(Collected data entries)
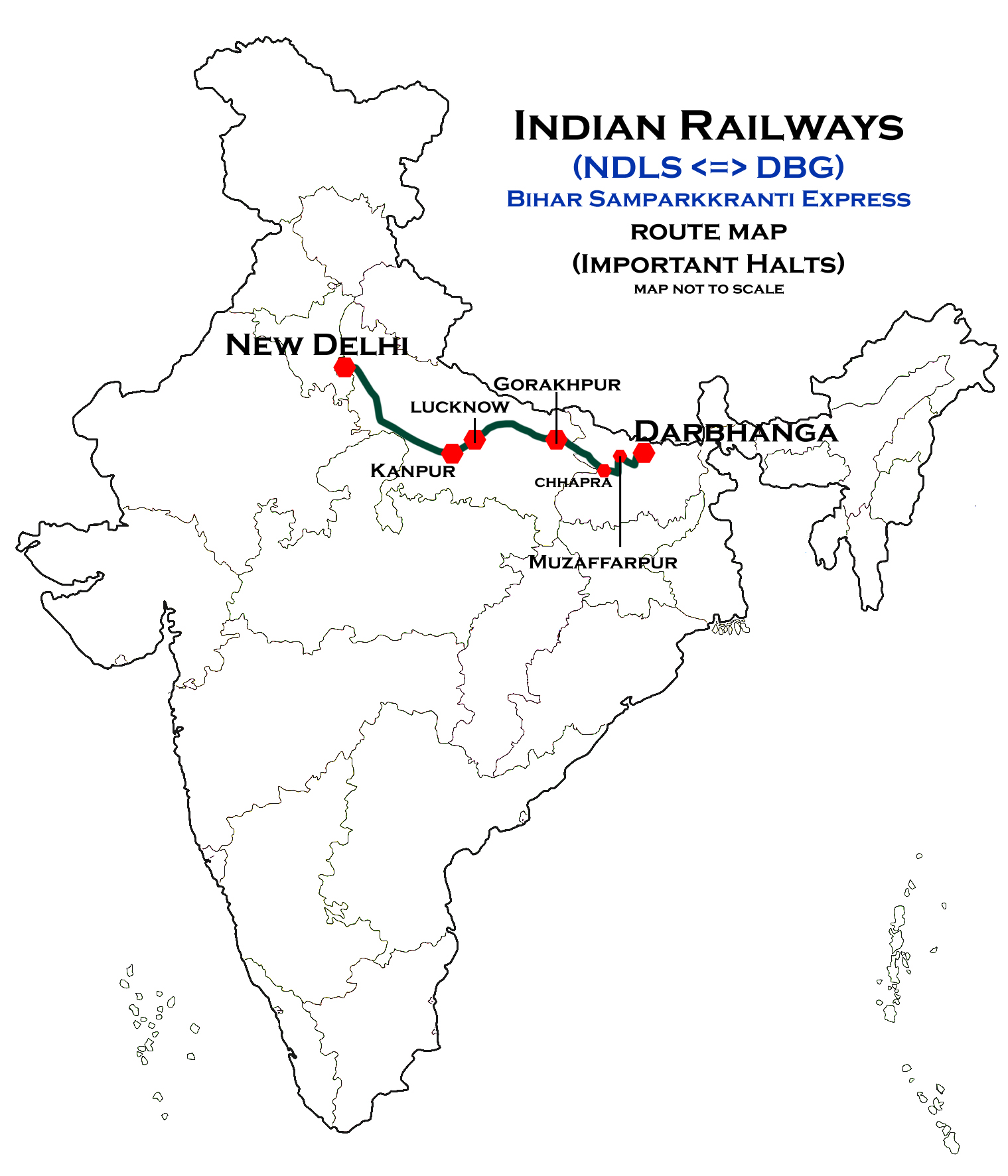 Bihar Samparkkranti Express (NDLS - DBG) Route map
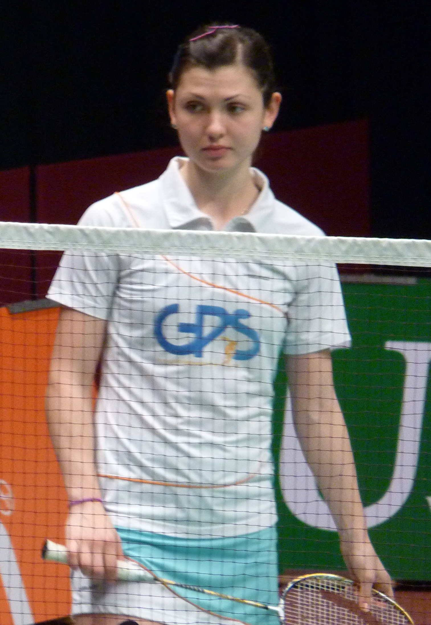 Olga Konon (GERMANY)
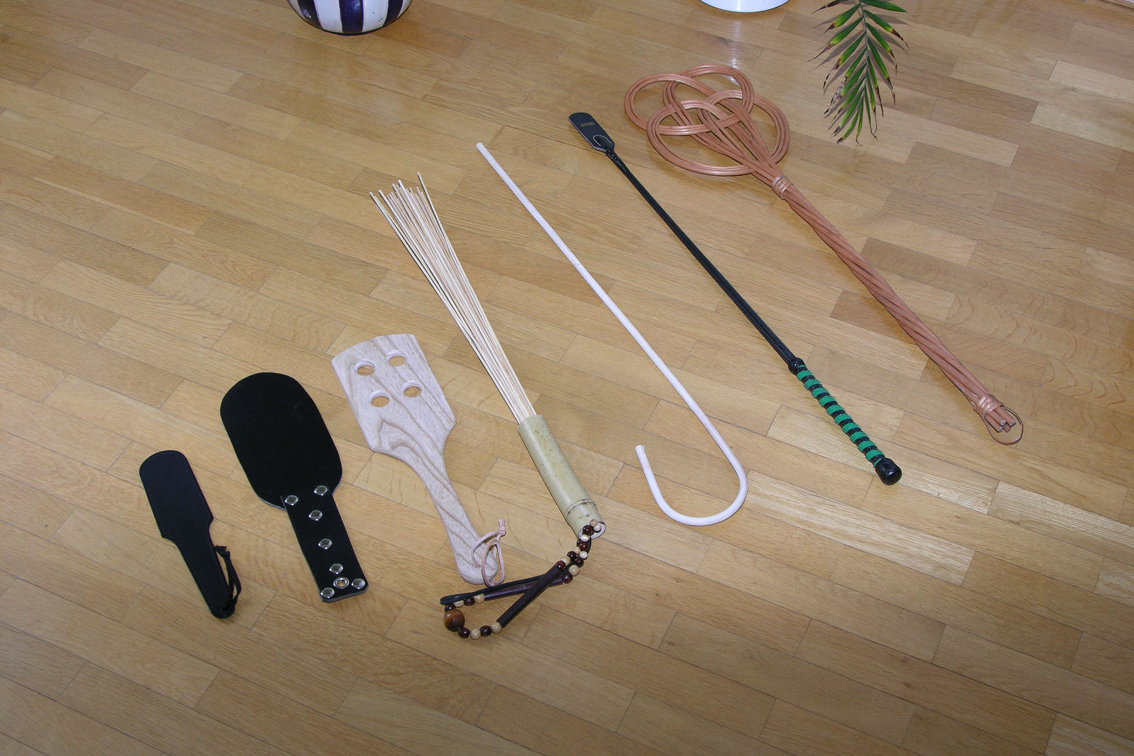 Different implements for spanking purposes
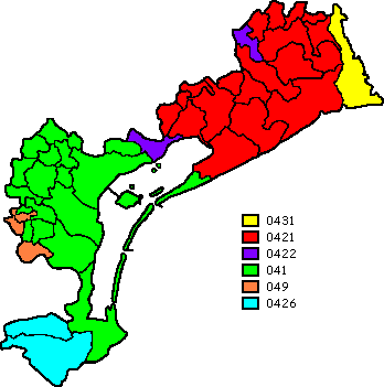 Map of telephone area codes of the province of Venice
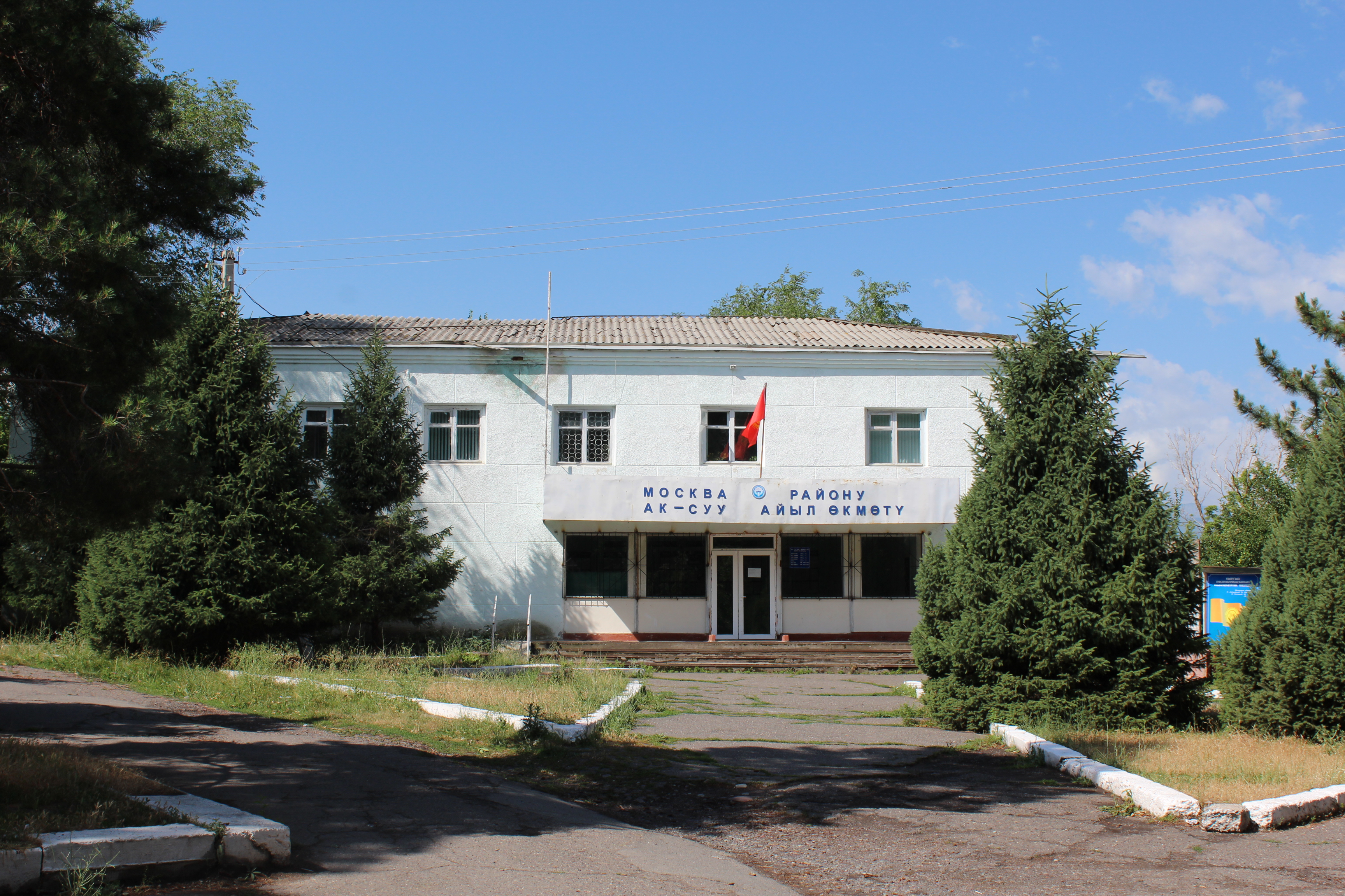 The administrative center of the Aq-Suu village council in Temen-Suu, Kyrgyzstan
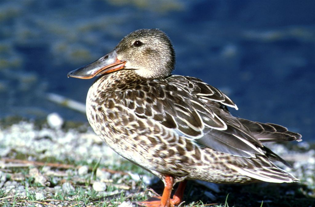 Female Northern Shoveler

**TASK DESCRIPTION:** Would you reproduce the lines above, from the very first through the line containing "The administrative center", exactly and without the pictures?

**OUTPUT OF THE TASK:**
 Bihar Samparkkranti Express (NDLS - DBG) Route map
 Olga Konon (GERMANY)
 Different implements for spanking purposes
 Map of telephone area codes of the province of Venice
 The administrative center of the Aq-Suu village council in Temen-Suu, Kyrgyzstan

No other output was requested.